Date of Report (Date of earliest event reported): February 16, 2011                                                                                                                                

deltathree, Inc.

(Exact name of registrant as specified in its charter)

Delaware

(State or other jurisdiction of incorporation)
 
000-28063 13-4006766
(Commission File Number) (IRS Employer Identification No.)
 
 
224 West 35th Street, New York, N.Y. 10001
(Address of principal executive offices) (Zip Code)

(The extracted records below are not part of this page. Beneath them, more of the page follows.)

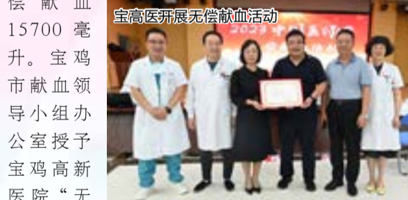
宝高医开展无偿献血活动
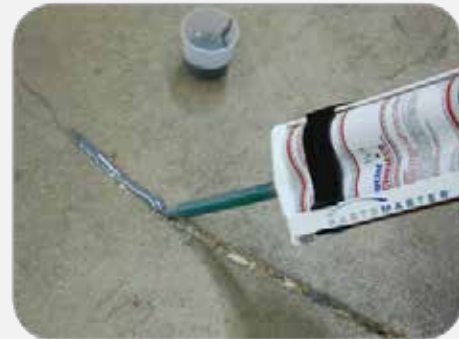
Doctor Ciovacco auto-nivelante fluye en las grietas y astillas para reparar rápidamente el concreto.
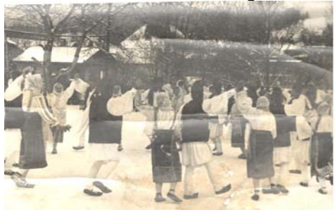
Fig. 2.9. Suita de dansuri populare sovejenești, la nuntă „De dorul”.
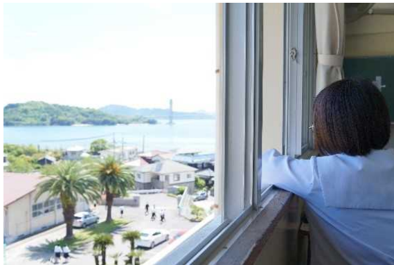
弓削島 弓削高等学校生徒全国募集
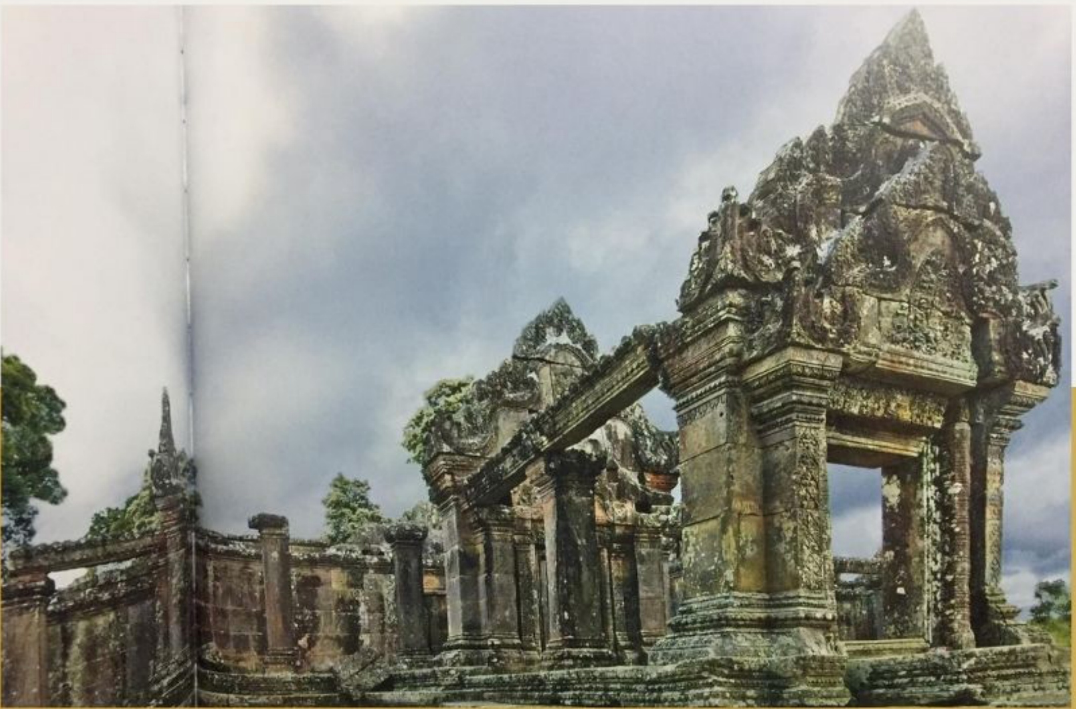
ปราสาทพระวิหาร

ด้วยเหตุนี้ จึงได้มีนักวิชาการหลายท่านสันนิษฐานว่า เมืองมหิธรปุระนี้ควรจะตั้งอยู่ในดินแดนแถบภาคอีสาน ของประเทศไทยที่สำคัญ เช่น อมรา ศรีสุชาติ กล่าวว่ เมืองมหิธรปุระน่ามีความสัมพันธ์กับปราสาทพระวิหาร โดยมีกำแพงมหิธรวรมันเจ้าเมืองวิเวทหะผู้มีหน้าที่ดูแล ปราสาทพระวิหารเป็นต้นสกุลของราชวงศ์มหิธรปุระ ต่อมาพระเจ้าสุริยวรมันที่ 1 ได้สั่งให้กำแพงมหิธรวรมันพร้อมวงศ์ญาติย้ายเมืองไปอยู่ที่ดินแดนแห่งรังโคล หรือมหิธรปุระอันได้แก่ดินแดนแถบเขาพนมรุ้ง
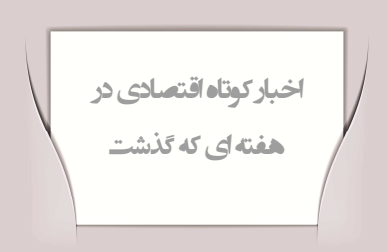
نوبخت خیر داد

به گزارش تسنیم به نقل از ریانسوستی، ولادیمیر چیژوف نماینده روسیه در اتحادیه اروپا روز گذشته تصریح کرد که اروپا وابستگی بیشتری به عرضه گاز طبیعی روسیه نسبت به نفت دارد. بر خلاف گاز طبیعی، نفت خام به صورت آزادانه در بازارهای بین المللی به فروش می رسد ولی هیچ جایگزینی برای گاز طبیعی روسیه نه امروز و نه در آینده نزدیک وجود دارد .
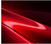
46V Soul Red Crystal
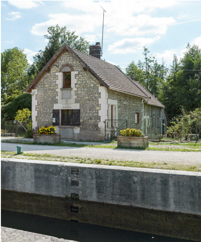
Vue de la maison éclusière.

89, Auxerre, lieudit : bief 80 du versant Seine
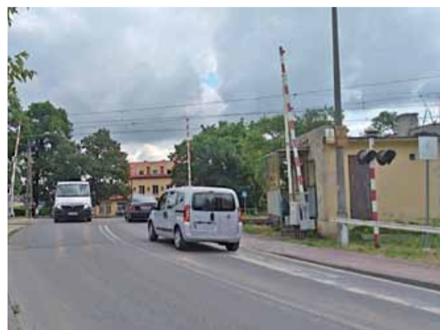
Ten przejazd nie będzie czynny przez tydzień.

W rozmowie z nami powiedział, że jest pogodzony z decyzją komisji i nie zamierza się od niej odwoływać. tm
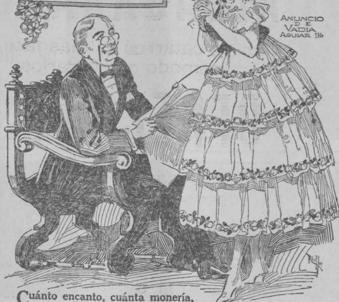
ANUNCIO DE VADIA AGUIAR 116
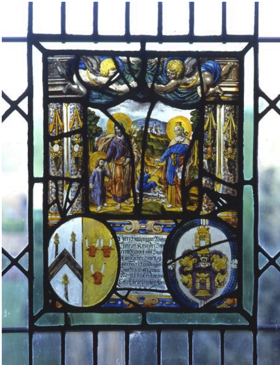
Vantail inférieur gauche.
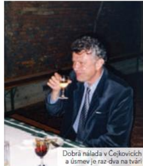
Dobrá nálada v Cejkovicích a úsmev je raz-dva na tvári
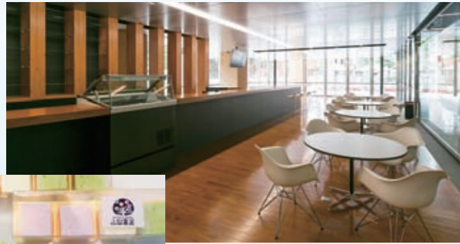
◀オリジナルスイーツの一つ「ギモーグ」。 フレッシュな風味ともっちりした食感が絶妙!
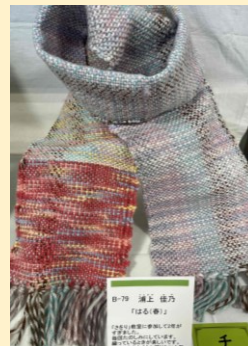
はる (春) 浦上 佳乃
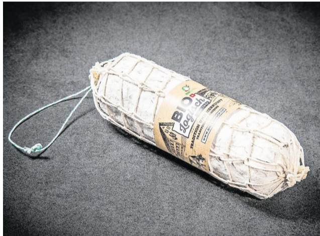
Die Vindonissa-Salami hätten sich in der Zeit der Römer nur wenige leisten können.
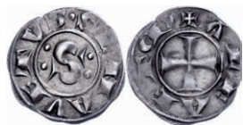
222 Siena, Grosso (1,76g), o.J. (12./13. Jh.). Av: "S" zwischen zwei Doppelpunkten, darum "SENAVETVS". Rev: Kreuz, darum "ALFAETM". Ss. 70,—
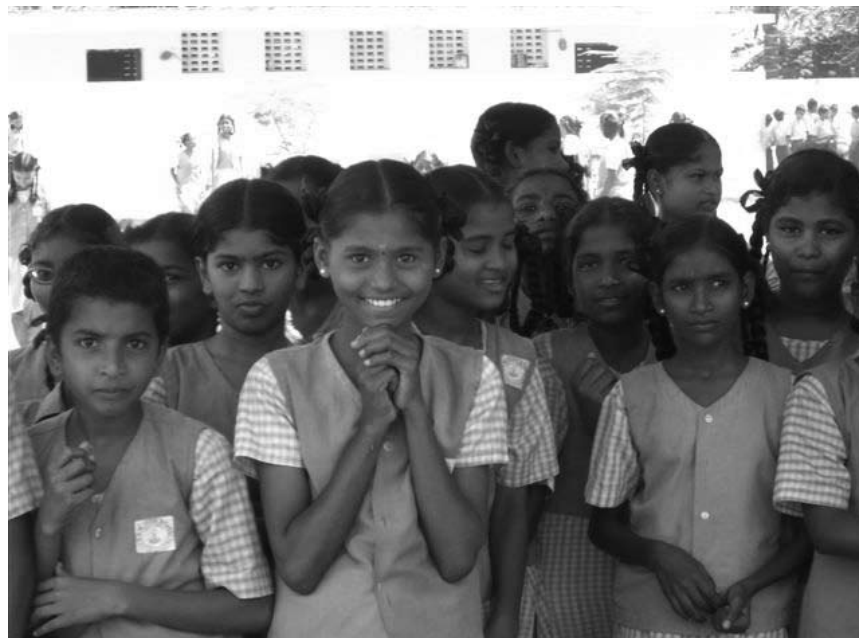
L'association d'aide au développement « Indesch Pateschaften asbl » organisera son grand bazar indien au Centre culturel de Bonnevoie ce dimanche 23 novembre.

32. Podium junger Künstler , Studierende der klassischen Musik der Conservatoires de Musique de Luxembourg et Metz, sowie Schülerinnen und Schüler von Mitgliedern des Philharmonischen Orchesters der Stadt Trier, Kurfürstliches Palais, Trier, 11h.

Registrant’s telephone number, including area code: (212) 500-4850                                                          

 
 

(Former name or former address, if changed since last report)

 
Check the appropriate box below if the Form 8-K filing is intended to simultaneously satisfy the filing obligation of the registrant under any of the following provisions (see General Instruction A.2. below):

o      Written communications pursuant to Rule 425 under the Securities Act (17 CFR 230.425)

o      Soliciting material pursuant to Rule 14a-12 under the Exchange Act (17 CFR 240.14a-12)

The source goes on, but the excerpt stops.